Extended Data Fig. 10 Localization of CDK5 S46 phospho-variants.

Immunostaining of RPE-1 CDK5- as cells stably expressing Myc-His CDK5-WT ( a ), S46A ( b ), and S46D ( c ) with antibodies against indicated protein in prophase, prometaphase, and metaphase. Data represent at least two independent experiments from n = 25 cells of each condition in each mitotic stage.

Extended Data Fig. 11 RPE-1 harbouring CDK5- as introduced by CRISPR-mediated knock-in recapitulates chromosome mis-segregation defects observed in RPE-1 overexpressing CDK5- as upon inhibition of CDK5- as by 1NM-PP1 treatment.

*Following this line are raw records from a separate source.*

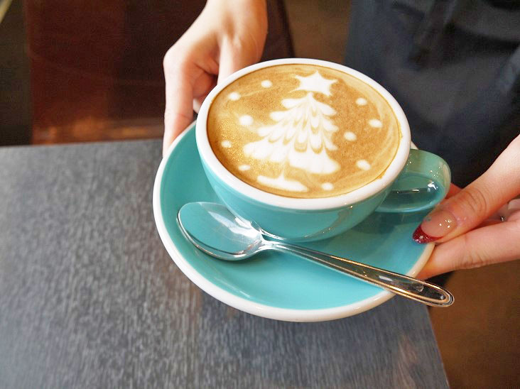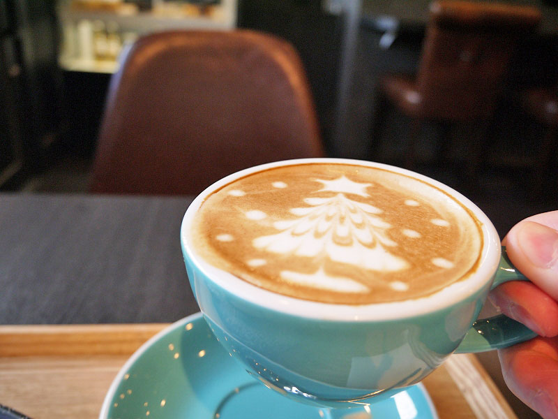 そこに流し込む「カフェラテ」は、しっかり渋くて本格派。ツリーのラテアートでほっこり気分。
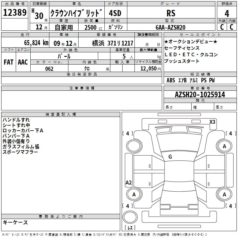 TOYOTA CROWN HYBRID 2018 г., лот № 12389
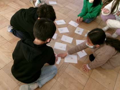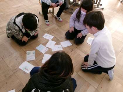 同じ漢字でも音読みと訓読みがあり、使い方が様々であることを学習しました。ひとつの漢字で音読み、訓読みのどちらもを使い、リズムのよい歌を考えました。それを読み札、絵札にし、かるたを作りました。グループで協力して完成し、今日はもう遊べたグループもありました。
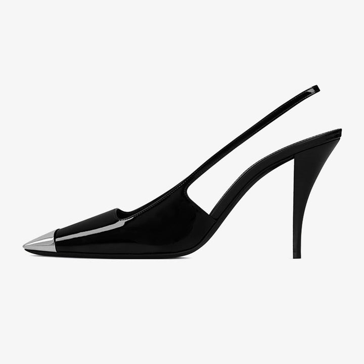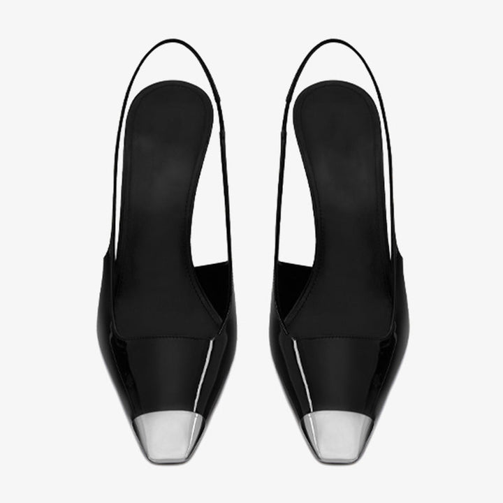 Crafted from glossy black patent leather, these heels feature a bold square toe and a slender stiletto heel for a sleek, modern silhouette. With their striking design and timeless appeal, they’re perfect for evening wear or upscale events. The 80 mm heel adds just the right amount of height, offering both elegance and confidence in every step.
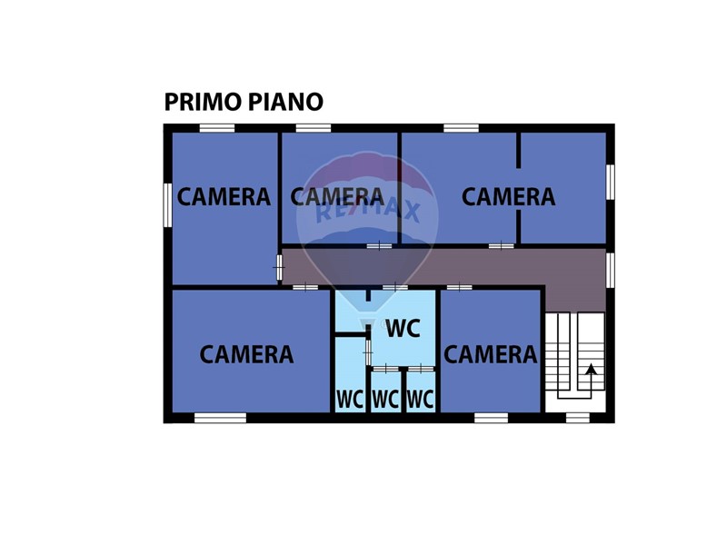 - il 1° piano è attualmente composto da 6 stanze, 3 wc e piccolo angolo snack
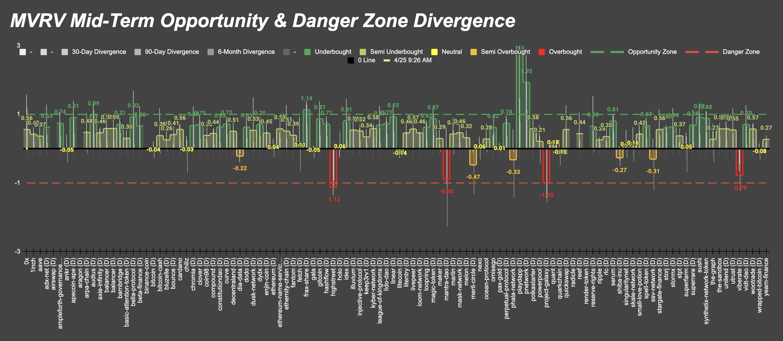 По данным Santiment, в «исторической зоне возможностей» на данный момент находятся более 85% альткоинов. Эта оценка основана на коэффициентах MVRV, рассчитанных на основе коллективной доходности кошельков за различные временные периоды.
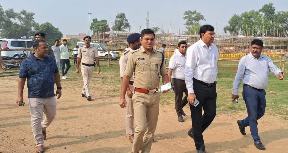मुख्यमंत्री के आगमन की तैयारी तेज़ : डीएम और एसपी ने किया राजहाई स्कूल मैदान का निरीक्षण
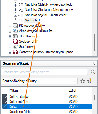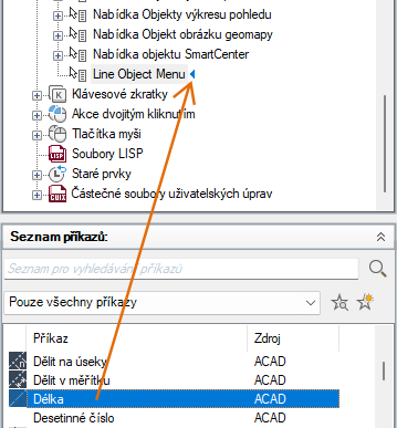 6. V podokně Seznam příkazů přetáhněte příkaz, který chcete přidat do místní nabídky, do podokna Uživatelské úpravy: <název souboru>.
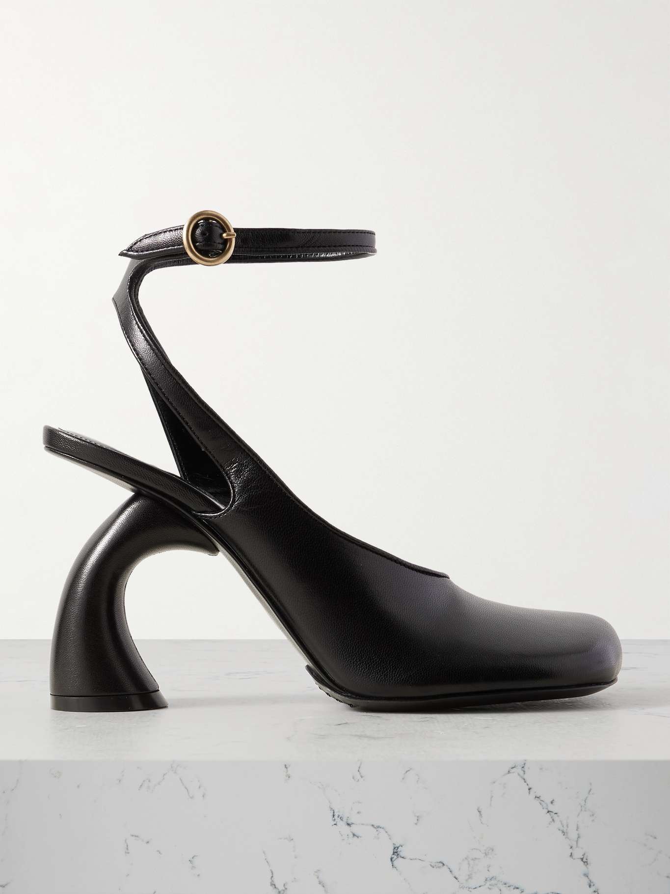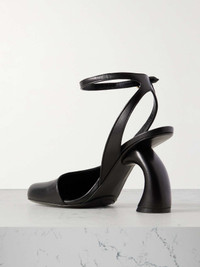 EDITORS'NOTES Sculptural, architectural footwear has become a defining element of Dries Van Noten's recent collections. These pumps are crafted from smooth leather and cut with curved lines and straps that mirror the angled block heel. Small to size. See Size & Fit notes. SIZE & FIT - Fits true to size, take your normal size - Those with wide feet may wish to take the next half size up - Italian sizing DETAILS & CARE - Heel measures approximately 95mm/ 4 inches - Black leather (Calf) - Buckle-fastening ankle strap
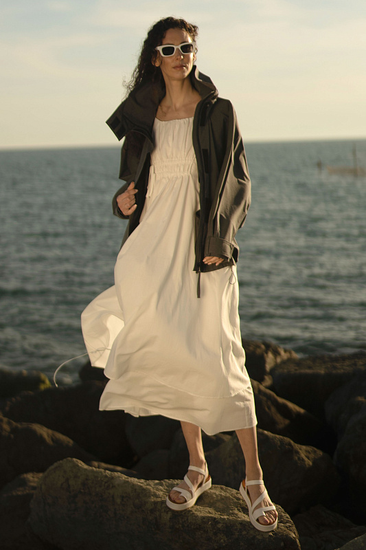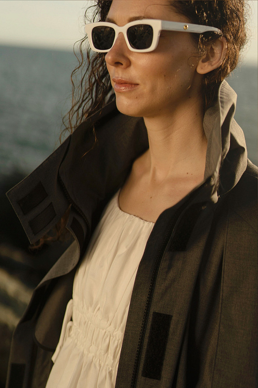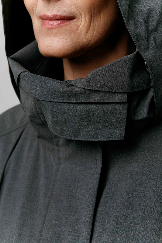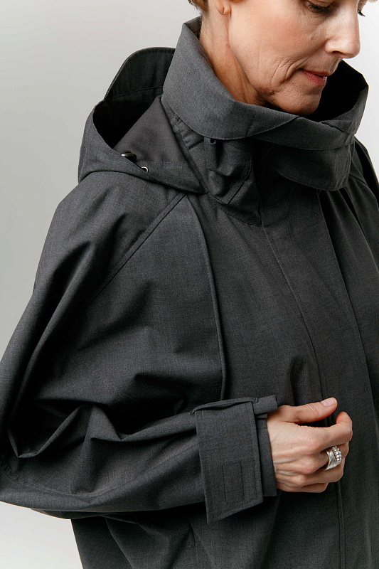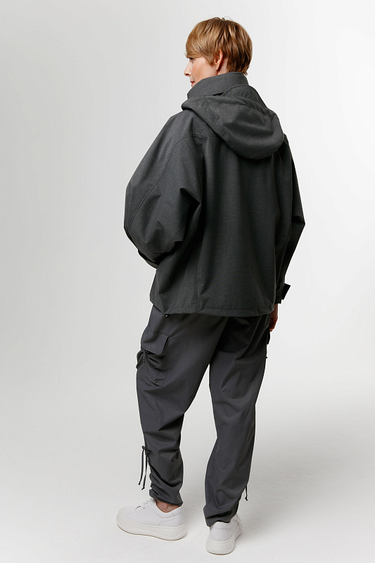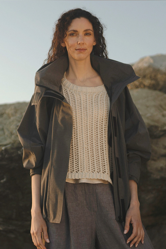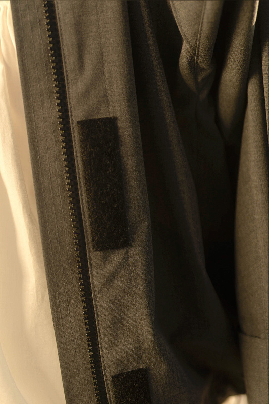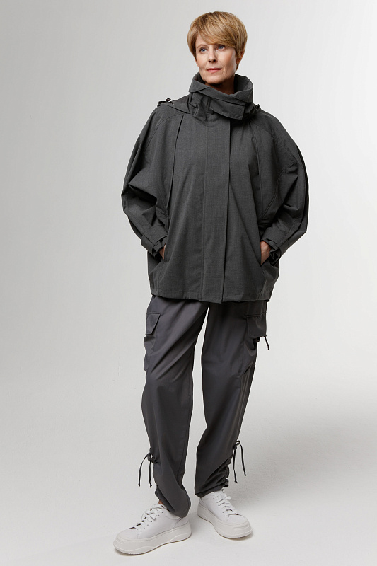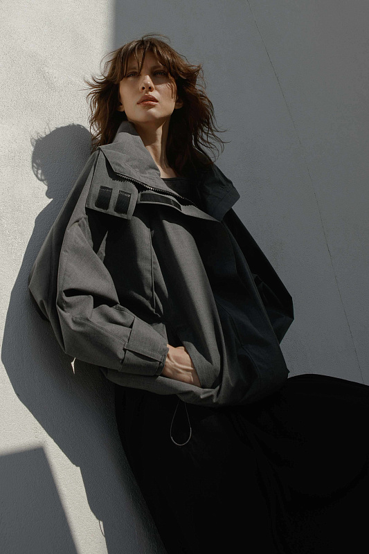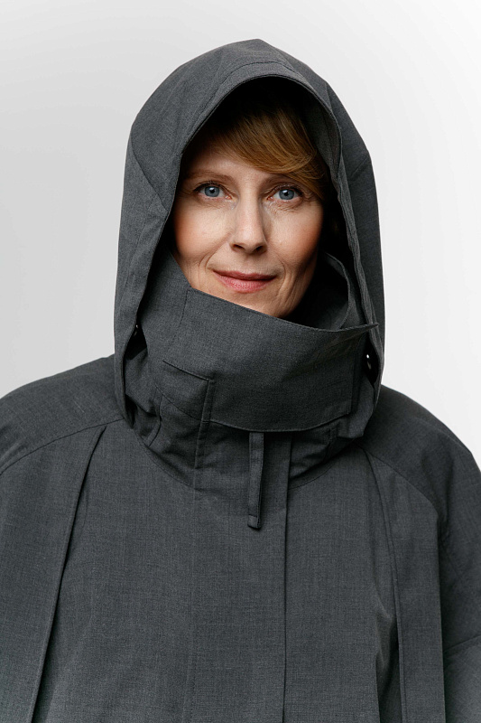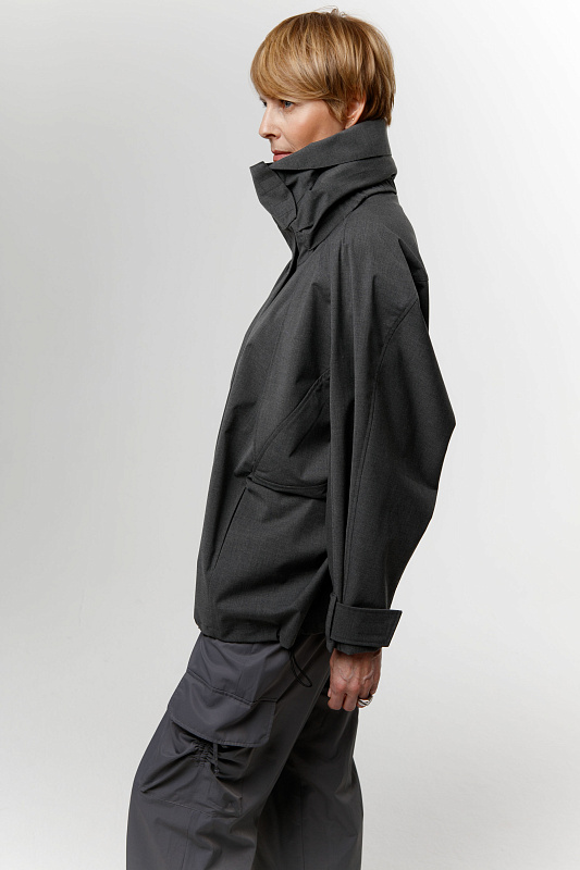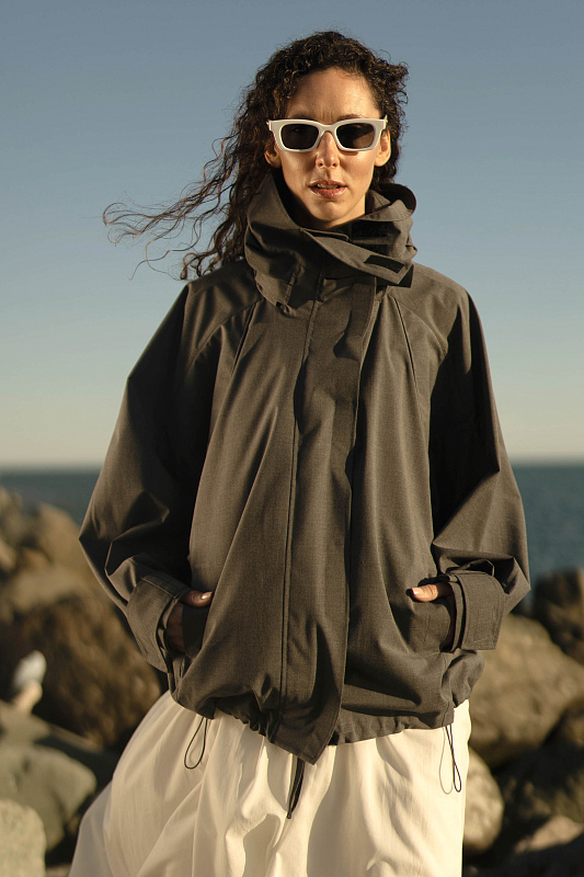 Эффектная куртка сложной дизайнерской конструкции. Застежка на тракторную молнию и мембранные липучки. Капюшон и низ куртки можно затянуть на резинку с фиксатором. Удобные карманы. Куртка без подкладки.

a , Chromatogram showing RPE-1 that harbours the homozygous CDK5- as mutation F80G introduced by CRISPR-mediated knock-in (lower panel), replacing endogenous WT CDK5 (upper panel). b , Immunoblots showing level of CDK5 expressed in parental RPE-1 and RPE-1 that harbours CDK5- as F80G mutation in place of endogenous CDK5. c , Representative images of CDK5- as knocked-in RPE-1 cells exhibiting lagging chromosomes following indicated treatments. d , Quantification of percentage of cells exhibiting lagging chromosomes following indicated treatments shown in (c). Data represent mean ± s.d. of three independent experiments from n = 252 DMSO, n = 220 1NM-PP1, where n is the number of cells. p -value was determined by two-tailed Mann Whitney U test.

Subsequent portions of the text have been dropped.